Predicting steady-state biogas production from waste using advanced machine learning-metaheuristic approaches

Abstract

This research offers a fast and accurate method for measuring the biogas production rate throughout biogas production. An agricultural biogas plant's measurement of eight process variables served as the source of experimental data used to create the models. Biomass type, reactor/feeding, volatile solids, pH, organic load rate, hydraulic retention time, temperature, and reactor volume were utilized in this context. Artificial neural networks (ANN) were developed to evaluate the biogas production rate. The variable selection was carried out using the cuckoo optimization algorithm (COA), multi-verse optimization algorithm (MVO), leagues championship algorithm (LCA), evaporation-rate water cycle algorithm (ERWCA), stochastic fractal search (SFS), and teaching–learning-based optimization (TLBO).

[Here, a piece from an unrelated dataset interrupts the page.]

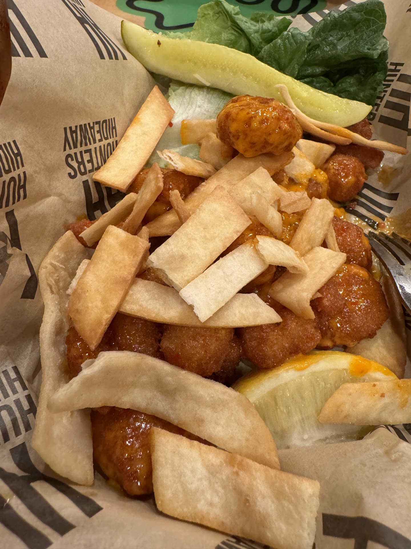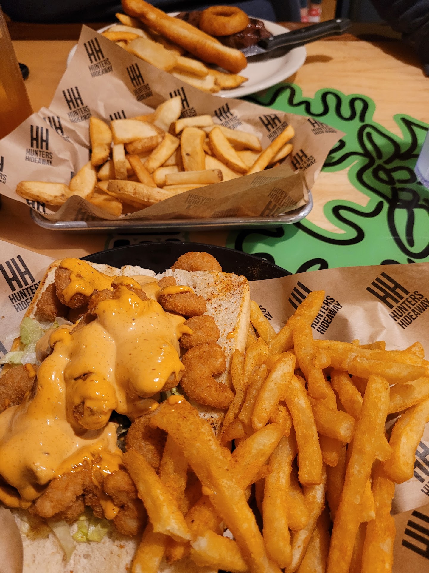 This is now our second time dining at Hunters Hideaway. First time my husband and I were in the bar seating areas that is very nice and cool atmosphere loved it. Second time there we sat in the family area with our family and kids personally not as cool atmosphere as the front area that was disappointing. Service was good but they seemed pretty busy but our waitress was still on it and great with the kids. We got several appetizers pretzel’s were amazing but four for the price and have several kids you have to order several unless you have a family of four and the price. Their breaded mushrooms are really good they aren’t that frozen bar breading definitely a nice pick with a light crisp hand breaded mushrooms you get a good amount for the price only thing I wished was they had some sort of maybe a house special sauce with the mushrooms verses just ranch when they have really good breaded mushrooms. I got the appetizer spicy shrimp as my main meal and you get a ton of shrimp they had a okay flavor maybe a little more spicy I would have liked them more. My husband got a burger that had spinach dip on it and he is not someone that would normally ever get anything like that on his burger ever and he said it was really good and he would get it again. One of my sons got the chicken quesadillas he really liked and it had good flavor, one of my sons got plain wings he said were good and my other son got boneless wings with the honey mustard sauce that he said was so so. Overall not a bad experience and we would go...

In this study, the model's size decreased, the important process variables were highlighted, and the ANN models' potential was enhanced for prediction. The proposed COA, MVO, LCA, ERWCA, SFS, and TLBO and ensembles are the outcome of using the abovementioned approaches to synthesize the multi-layer perceptron (MLP). To evaluate the effectiveness of the used models, we have developed a scoring system in addition to employing mean absolute error, mean square error, and coefficient of determination as accuracy criteria. Implementing the COA, MVO, LCA, ERWCA, SFS, and TLBO algorithms enhances the accuracy of the MLP. It is found that some of the used hybrid techniques could provide better prediction outputs than traditional MLP rankings. Additional investigation indicated that the ERWCA is better than the three other algorithms. The biogas production rate was estimated with the greatest precision with R2 = 0.9314 and 0.9302, RMSE of 0.1969 and 0.24925, and MAE of 0.1307 and 0.19591.